• **YOUR GOAL**
Repeat the listing exactly, line by line, and leave the pictures behind.

*** DATA BLOCK Section Begins ***

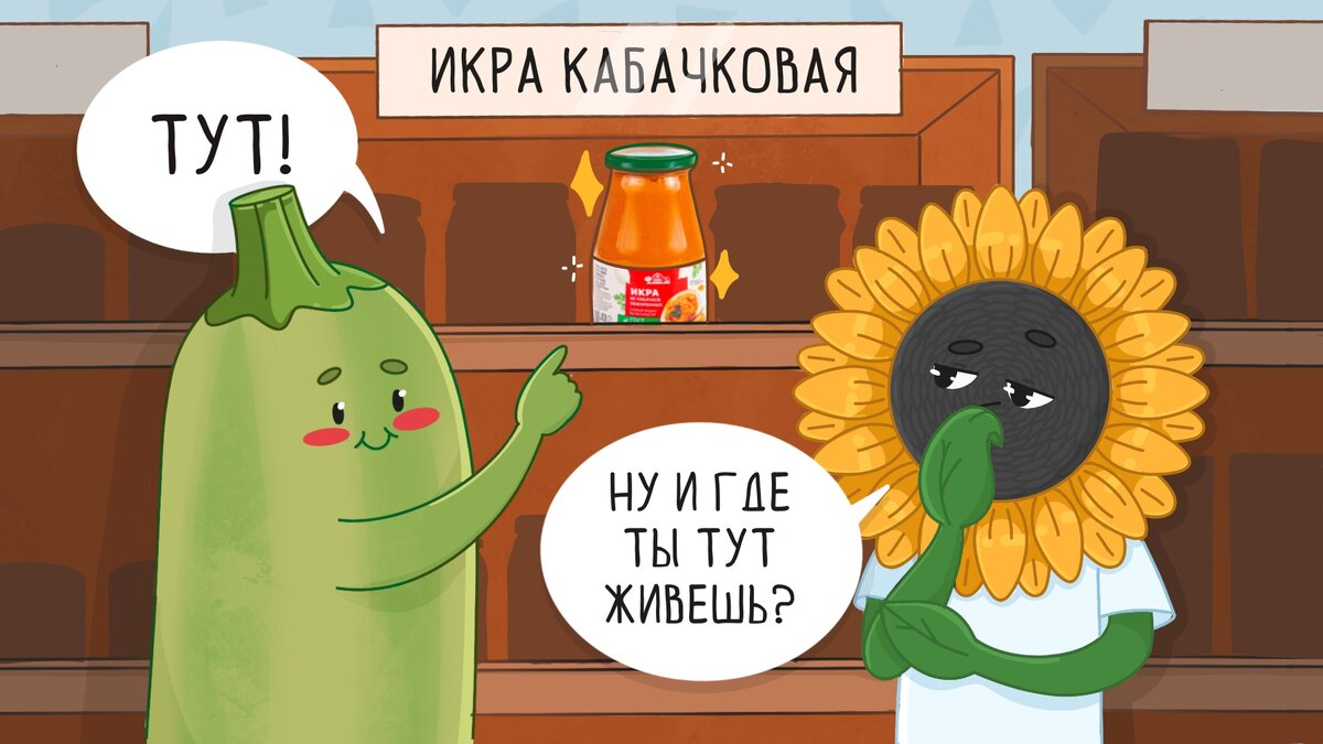 Как-то раз Подсолнух увидел на полке магазина кабачковую икру и сразу вспомнил вкус детства. Когда-то он обожал намазывать ее на ломтик ароматного черного хлеба — это был его любимый перекус. Недолго думая, Подсолнух поставил в корзину несколько баночек. Он принял решение продегустировать разные экземпляры, и лучший принять в клуб качественных продуктов «Качество в подарок». Ему очень хотелось поделиться этим вкусным и полезным лакомством с другими. Как изготавливают качественную кабачковую икру? Технология изготовления такая: кабачки поступают на производство и первым делом отправляются принимать ванны, чтобы очиститься от загрязнений и бактерий. Затем их протирают и уваривают, а потом отправляют в цех, где смешивают с остальными ингредиентами. В последнюю очередь добавляют сахар и соль. Готовую икру закатывают в стерилизованные банки. Каждая партия обязательно проходит контроль качества на вкус, цвет, запах, а также микробиологические показатели, которые подтверждают, что микрооргани
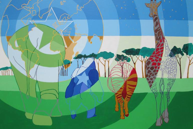 acrylic on canvas, Elephant, gorilla, zebra and giraffe as super heroes Hulk, Captain America, Thor & Iron man saving the day in the park. Also saving my heart.
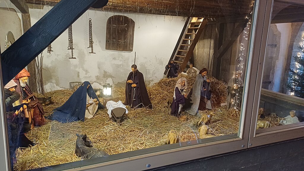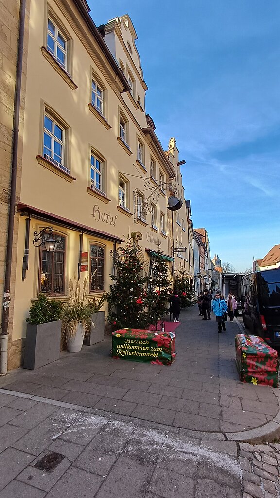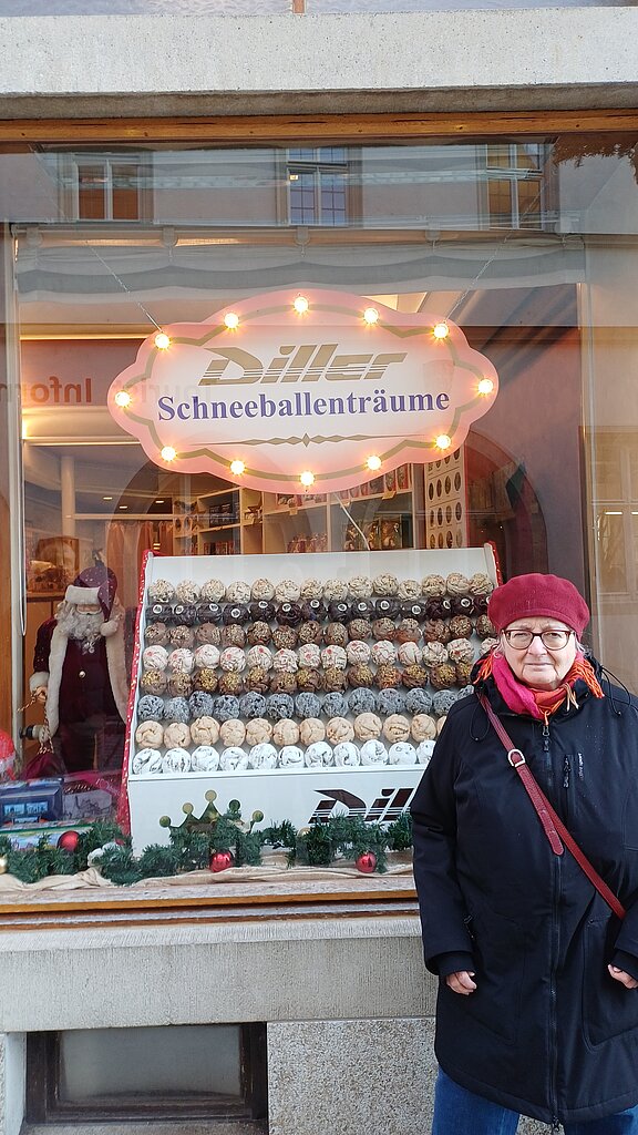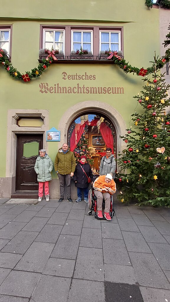Im Anschluss begaben sich die Bewohner:innen und Begleitpersonen auf einen gemeinsamen Rundgang über den Reiterlesmarkt, der sich malerisch durch die Altstadtgassen zog. An rund 60 Verkaufsständen gab es Weihnachtsschmuck, Kunsthandwerk, Kerzen, traditionelle Spezialitäten sowie die für Rothenburg typischen Schneeballen zu entdecken. Viele nutzten die Gelegenheit, kleine Geschenke oder Erinnerungsstücke zu erwerben und mit den Standbetreibenden ins Gespräch zu kommen. Immer wieder wurden kurze Pausen eingelegt, um die dekorierten Stände oder die verschiedenen Darstellungen rund um Krippen und Lichtmotive zu betrachten.
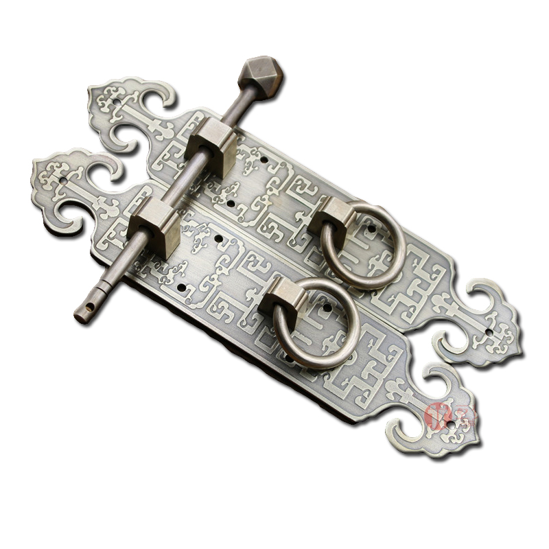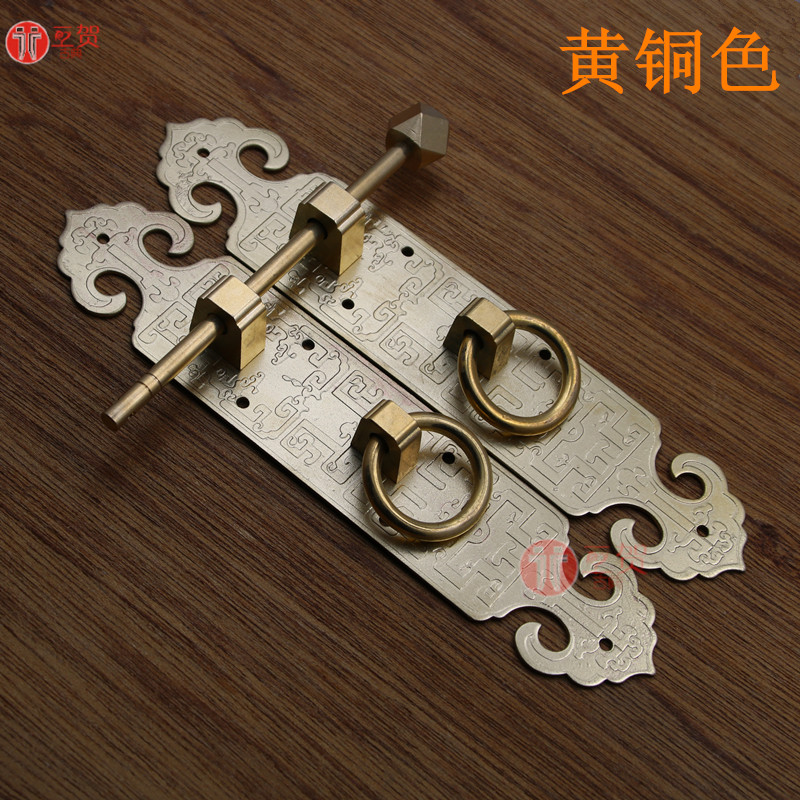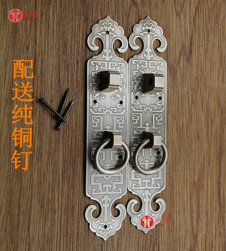 Imitation ancient Chinese pure copper cabinet door straight strip handle wood door accessories Longgrain Ruyi Ming fit pull ring decorative bolt handle

*** DATA BLOCK Section Ends ***

• **SOLUTION**
 Как-то раз Подсолнух увидел на полке магазина кабачковую икру и сразу вспомнил вкус детства. Когда-то он обожал намазывать ее на ломтик ароматного черного хлеба — это был его любимый перекус. Недолго думая, Подсолнух поставил в корзину несколько баночек. Он принял решение продегустировать разные экземпляры, и лучший принять в клуб качественных продуктов «Качество в подарок». Ему очень хотелось поделиться этим вкусным и полезным лакомством с другими. Как изготавливают качественную кабачковую икру? Технология изготовления такая: кабачки поступают на производство и первым делом отправляются принимать ванны, чтобы очиститься от загрязнений и бактерий. Затем их протирают и уваривают, а потом отправляют в цех, где смешивают с остальными ингредиентами. В последнюю очередь добавляют сахар и соль. Готовую икру закатывают в стерилизованные банки. Каждая партия обязательно проходит контроль качества на вкус, цвет, запах, а также микробиологические показатели, которые подтверждают, что микрооргани
 acrylic on canvas, Elephant, gorilla, zebra and giraffe as super heroes Hulk, Captain America, Thor & Iron man saving the day in the park. Also saving my heart.
Im Anschluss begaben sich die Bewohner:innen und Begleitpersonen auf einen gemeinsamen Rundgang über den Reiterlesmarkt, der sich malerisch durch die Altstadtgassen zog. An rund 60 Verkaufsständen gab es Weihnachtsschmuck, Kunsthandwerk, Kerzen, traditionelle Spezialitäten sowie die für Rothenburg typischen Schneeballen zu entdecken. Viele nutzten die Gelegenheit, kleine Geschenke oder Erinnerungsstücke zu erwerben und mit den Standbetreibenden ins Gespräch zu kommen. Immer wieder wurden kurze Pausen eingelegt, um die dekorierten Stände oder die verschiedenen Darstellungen rund um Krippen und Lichtmotive zu betrachten.
 Imitation ancient Chinese pure copper cabinet door straight strip handle wood door accessories Longgrain Ruyi Ming fit pull ring decorative bolt handle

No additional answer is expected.